In the Name of Love: "Megalomania Three" at Boyd Satellite Gallery

Brooke Sauvage reviews "Megalomania Three" at Boyd Satellite Gallery.

INSTALLATION VIEW OF "MEGALOMANIA THREE" AT BOYD SATELLITE GALLERY, NEW ORLEANS. PHOTO BY DALE GUNNOE.

"Megalomania Three"
Boyd Satellite Gallery
440 Julia Street
January 3 - March 2, 2015

In response to claims that his work was self-obsessed, Blake Boyd curated two gallery shows that revolved around his face. As the show’s title implies, “Megalomania Three” is the third iteration, except this time the attention is on his partner and fellow gallery owner Ginette Bone. It’s a sweet twist that rescues the otherwise juvenile concept and makes for fun viewing with portraits spanning an impressive breadth of styles from locally and nationally known artists.

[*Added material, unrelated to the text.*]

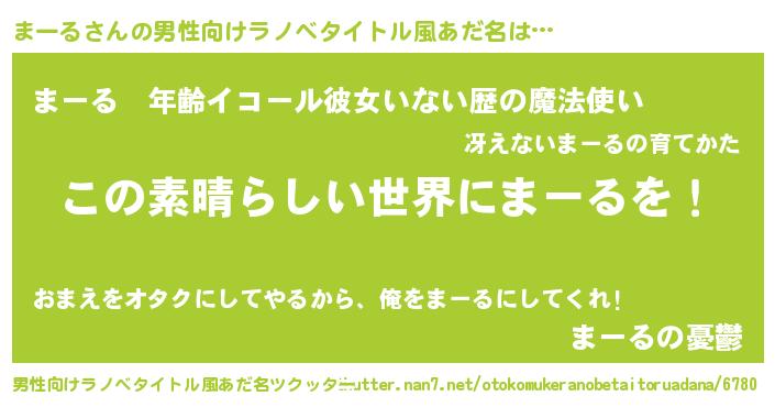 | 胡散臭い通販商品みたいなあだ名 | 『あなたにだけ特別に提供する限定10本のレアな日本酒…その名も「まーる」』 |
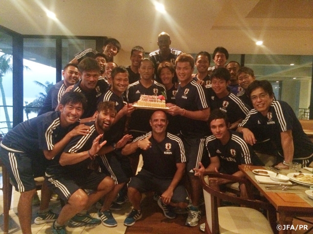 夕食時には、チーム最年長の牧野真二選手の誕生日をみんなで祝いました。

Boyd’s own Ginette, a large-format Polaroid portrait, serves as the centerpiece of the exhibition. The photo shows every mundane detail of Bone’s face with no pretense of being artful or even flattering by traditional standards. In a culture otherwise dominated by airbrushed images and faux naturalistic selfies, it reads as a romantic gesture with each wrinkle and stray hair enlivening the portrait. With nearly 50 works, picturing Bone as everything from a Disney Mouseketeer to a sexy siren to an architectural monument, the best moments in the show are the ones, like with Boyd’s Ginette, where personal relationships come to the fore. Jack Niven presents a two-headed Bone peeking from behind one of his signature rainbow vortexes, whereas Niven’s wife, Marianne Desmarais, contributes Tesselated Bone, an abstracted structural piece composed of basswood and linen. It’s their daughter, Fern Desmarais Niven, whose simple drawing in paint, ink, and graphite on paper shows the gallery owner (literally) through a child’s eyes and reminds the viewer that these portraits are the varied visions of lovers, friends, family, and colleagues.

It’s a sentimental reading that might not hold up as well for an anticipated “Megalomania Four,” in which Bone hopes to see her dog, Cosmo, assume the role of muse. Until then, while she appreciates the varying forms of admiration, she doesn’t foresee living with them beyond the exhibition’s end in March. “I don’t think I could have them in my house,” she said laughing. It seems Bone isn’t much the megalomaniac after all.